Tell me about it. However, people are stupid as a general rule. I've boycotted HD-DVDs/Blu-Ray for a while now and severely limited purchases of music and movies through most mediums. Rentals I still do, but when possible I've been trying to support digital rentals through my 360 or On Demand, as it's:

A. Cheaper than a normal rental
B. Able to play in HD without need for a new type of format of DVD

A lot of movies I only need to watch once, so spending $20 for that is silly. What's even more silly though? Paying the same price for the soundtrack. Yes, that's right, movie soundtracks and the DVDs STILL COST PRETTY MUCH THE SAME.
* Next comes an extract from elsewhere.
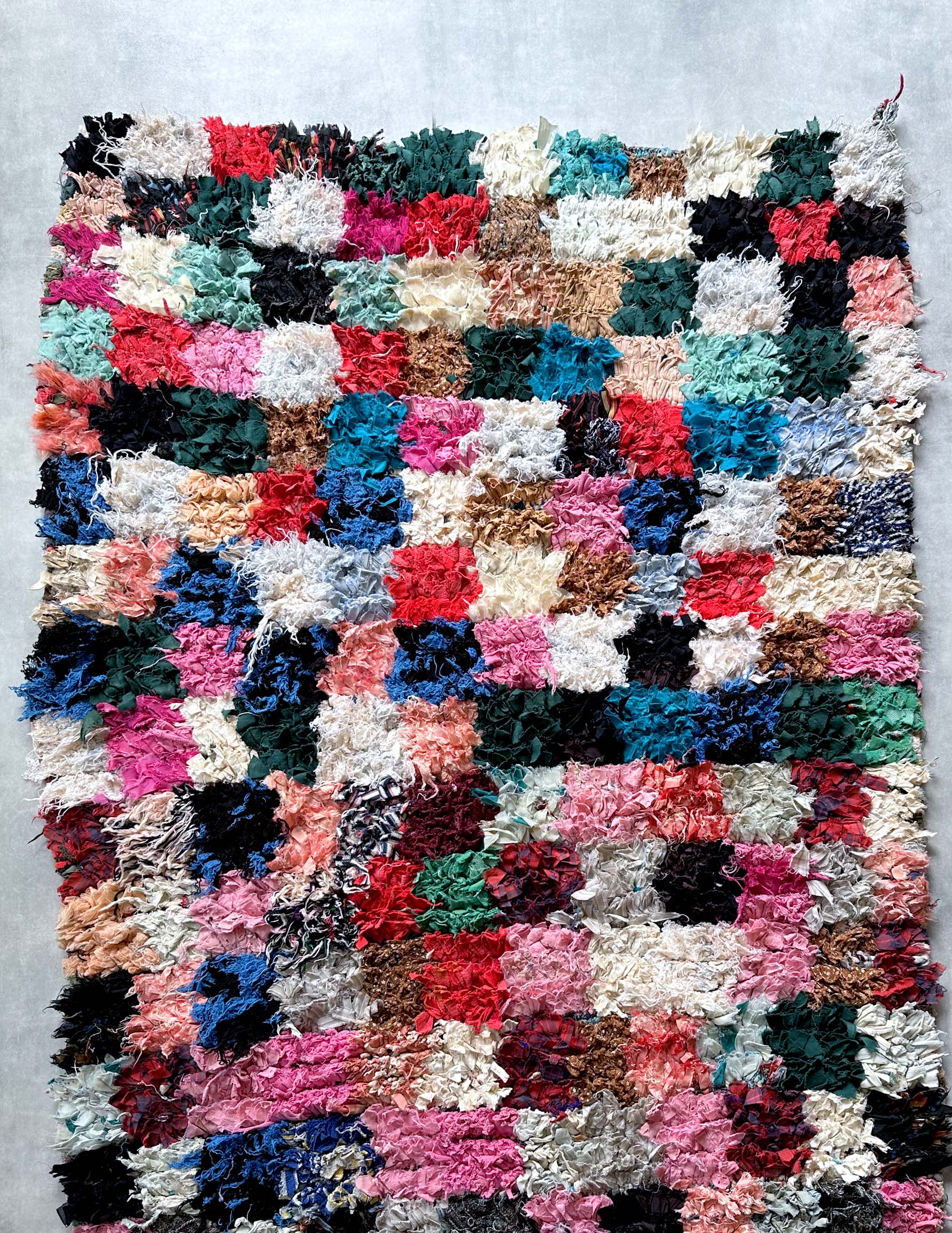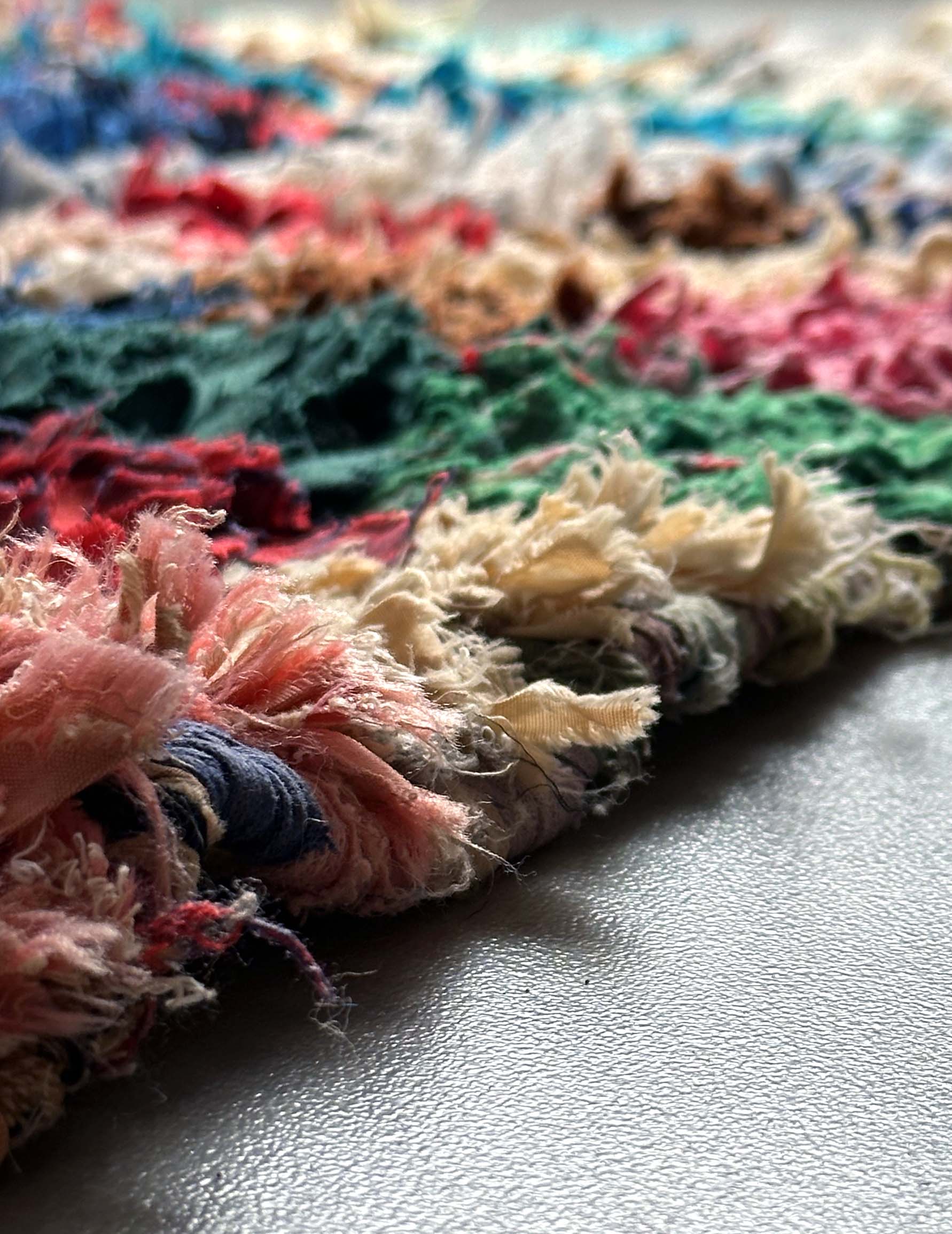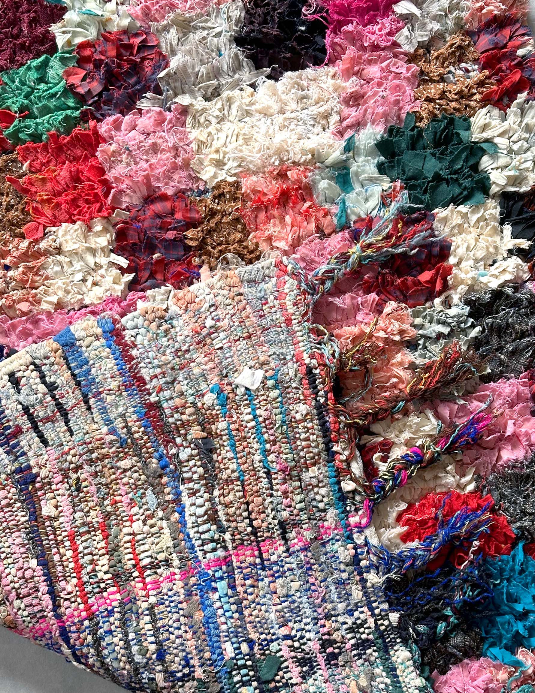 ボシャルウィットはアトラス山脈に住むベルベル人の女性が衣類などの生地を裂いて編み込んだリサイクルモロッカンラグです。全て異なった生地を使用している為、色味の配色や長短が様々で全て1点物となります。またモロッコではラグとして使用されるだけではなく、壁に飾りアートとしても生活に取り入れられています。
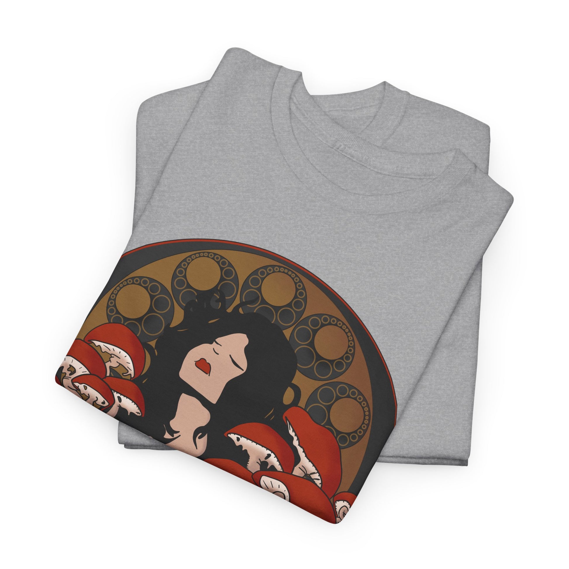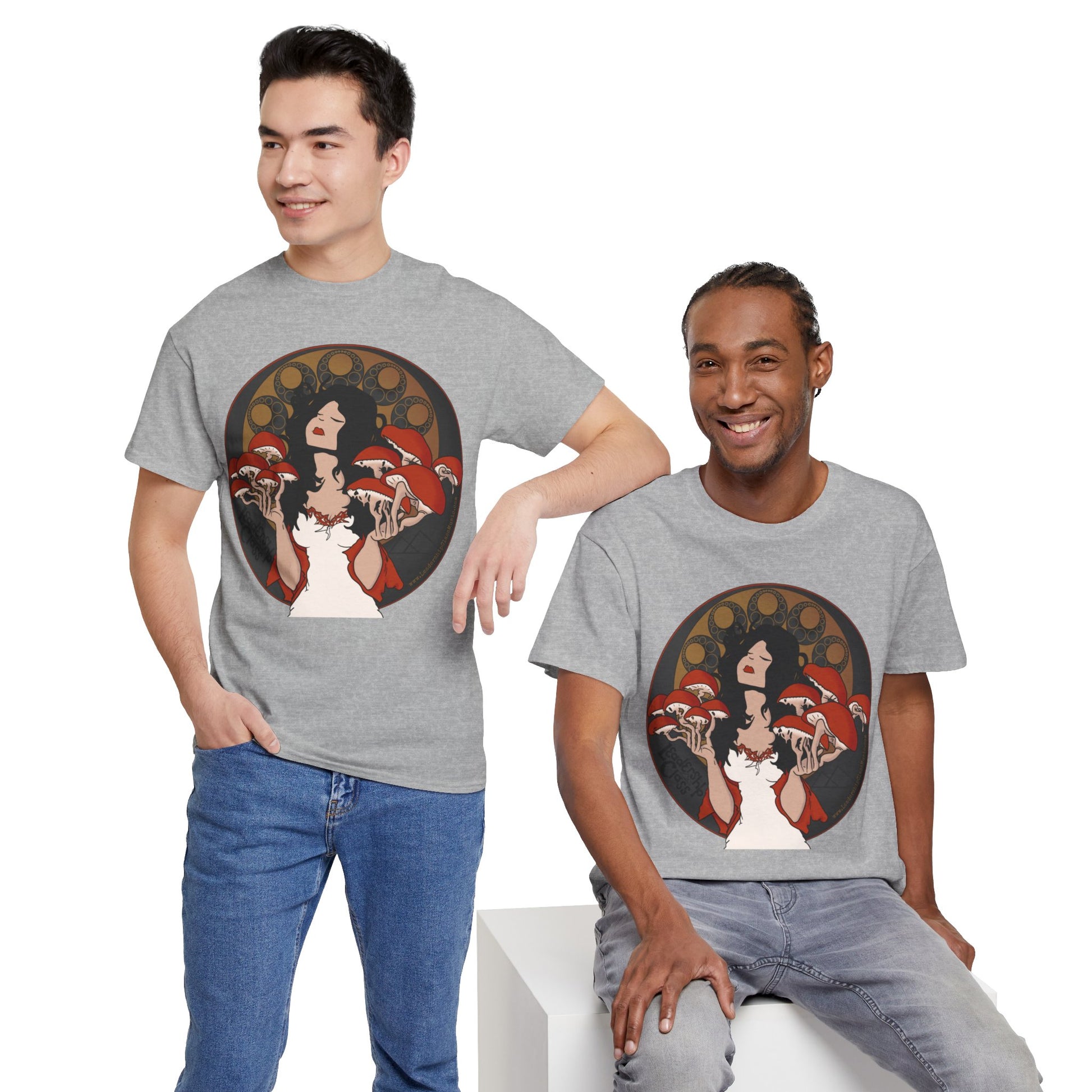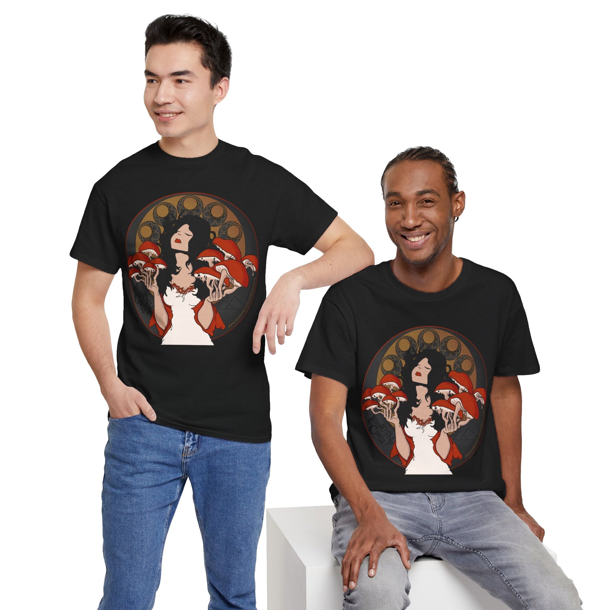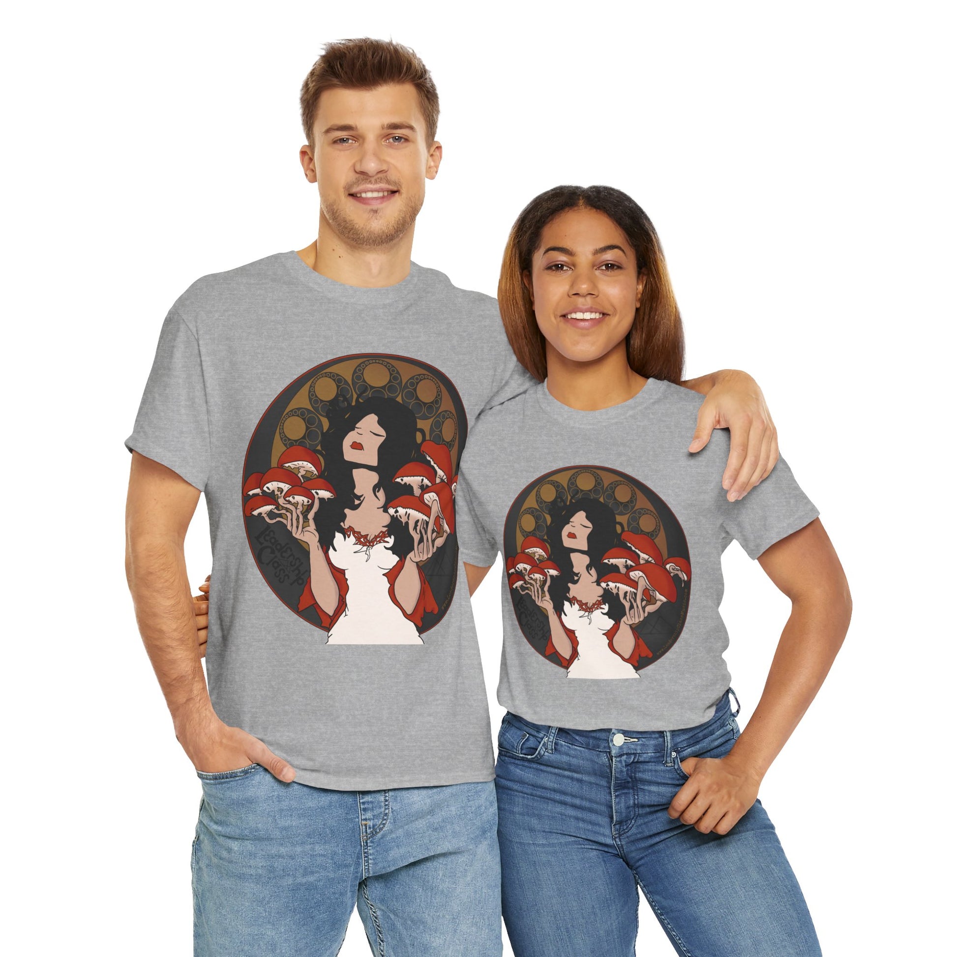 Immerse yourself in the enigmatic allure of the forest with Leadership Class's 'Mystique of Mycelium' t-shirt. This exclusive design features an ethereal lady enshrined by an intricate halo of mushrooms, evoking a connection with nature's untamed spirit. Her delicate pose and the subtle interplay of earthy tones against the shirt’s dark fabric create a mesmerizing tableau that's both mystical and grounded.

Well, unless you go to iTunes, but even then, iTunes has a nasty habit of telling the consumer to go fuck itself. You get limited "copies" of any given file, but if your computer up and dies? Gosh, isn't that too bad. Either see if you can recover the data on your own, or buy it again. That's just plain reprehensible. Support redownloading or remove the DRM completely, I say.

At least Amazon is forcing them to consider DRM-less music.

But back to "people are stupid".

It's been my experience that people will go without food, new clothes, or even doing laundry just so they can afford consumer product X, Y, or Z. Add to that the people with large disposable incomes who just buy, buy, buy, and you've got a veritable stranglehold. This may change eventually, I think we're reaching a tipping point with the entire entertainment industry right now, or at least I'm hoping.